■ DATASET CONTENT
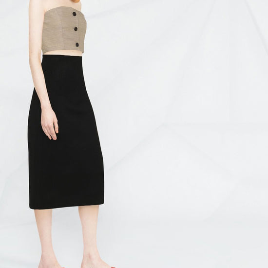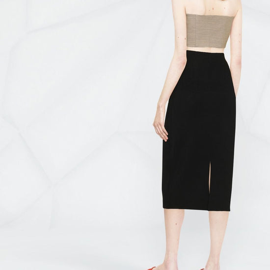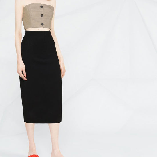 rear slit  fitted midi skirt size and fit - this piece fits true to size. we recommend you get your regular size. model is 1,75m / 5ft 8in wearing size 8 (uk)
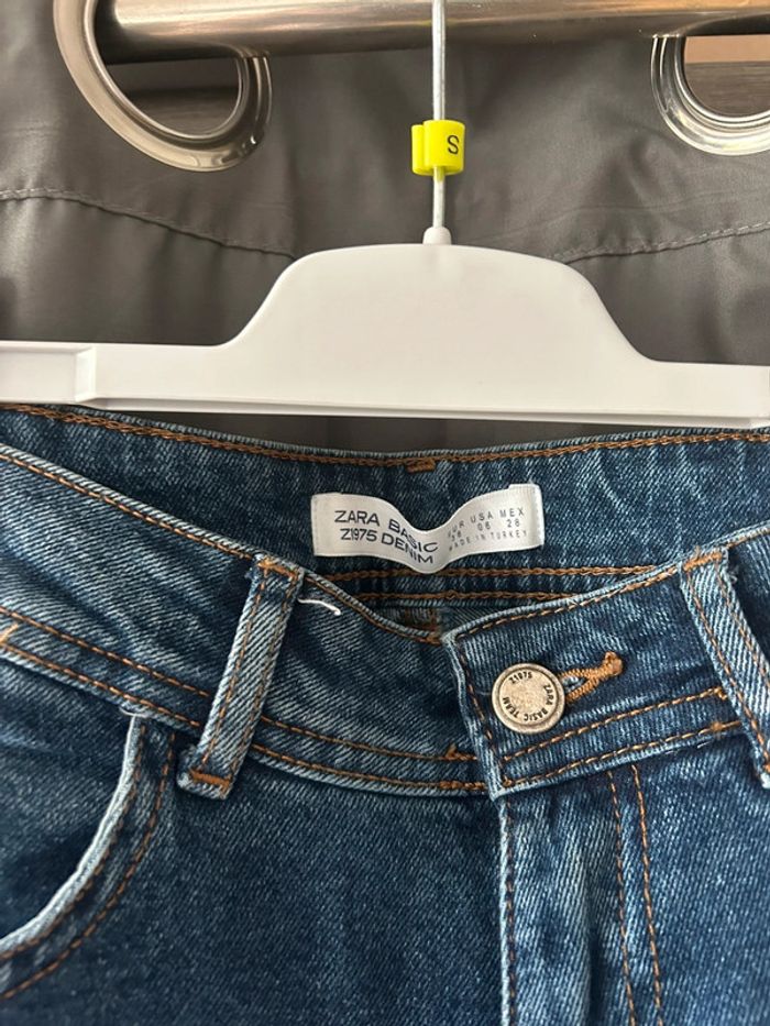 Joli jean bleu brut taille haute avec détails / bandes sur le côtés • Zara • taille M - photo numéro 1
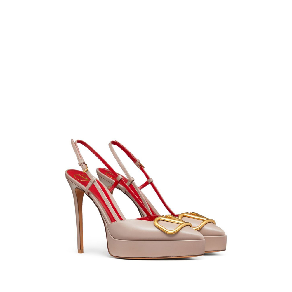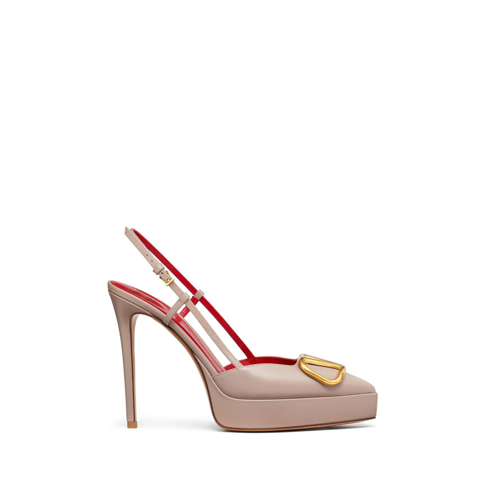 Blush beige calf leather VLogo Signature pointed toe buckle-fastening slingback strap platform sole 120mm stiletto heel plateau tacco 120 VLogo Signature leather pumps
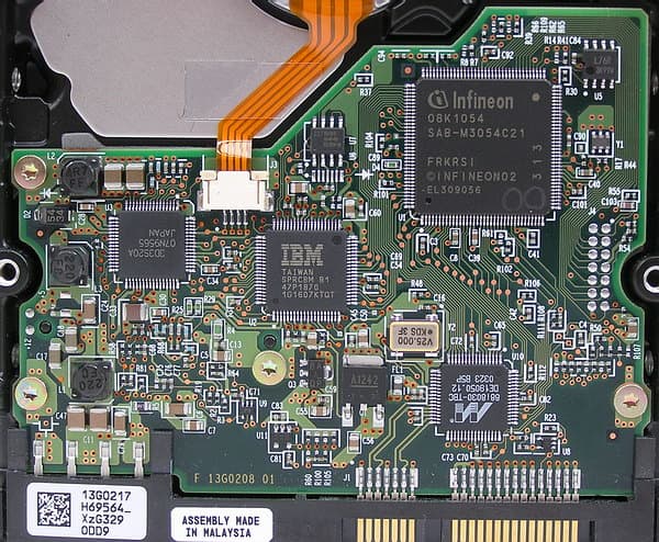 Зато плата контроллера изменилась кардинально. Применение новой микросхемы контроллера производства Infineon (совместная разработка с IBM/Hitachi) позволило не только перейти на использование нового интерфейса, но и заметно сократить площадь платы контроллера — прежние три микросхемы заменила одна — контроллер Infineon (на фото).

■ TO DO
Keep the pictures out of your answer, which should be the lines from the one with "Blush beige calf" through the final line of the data, copied exactly.

■ TASK SOLUTION
 Blush beige calf leather VLogo Signature pointed toe buckle-fastening slingback strap platform sole 120mm stiletto heel plateau tacco 120 VLogo Signature leather pumps
 Зато плата контроллера изменилась кардинально. Применение новой микросхемы контроллера производства Infineon (совместная разработка с IBM/Hitachi) позволило не только перейти на использование нового интерфейса, но и заметно сократить площадь платы контроллера — прежние три микросхемы заменила одна — контроллер Infineon (на фото).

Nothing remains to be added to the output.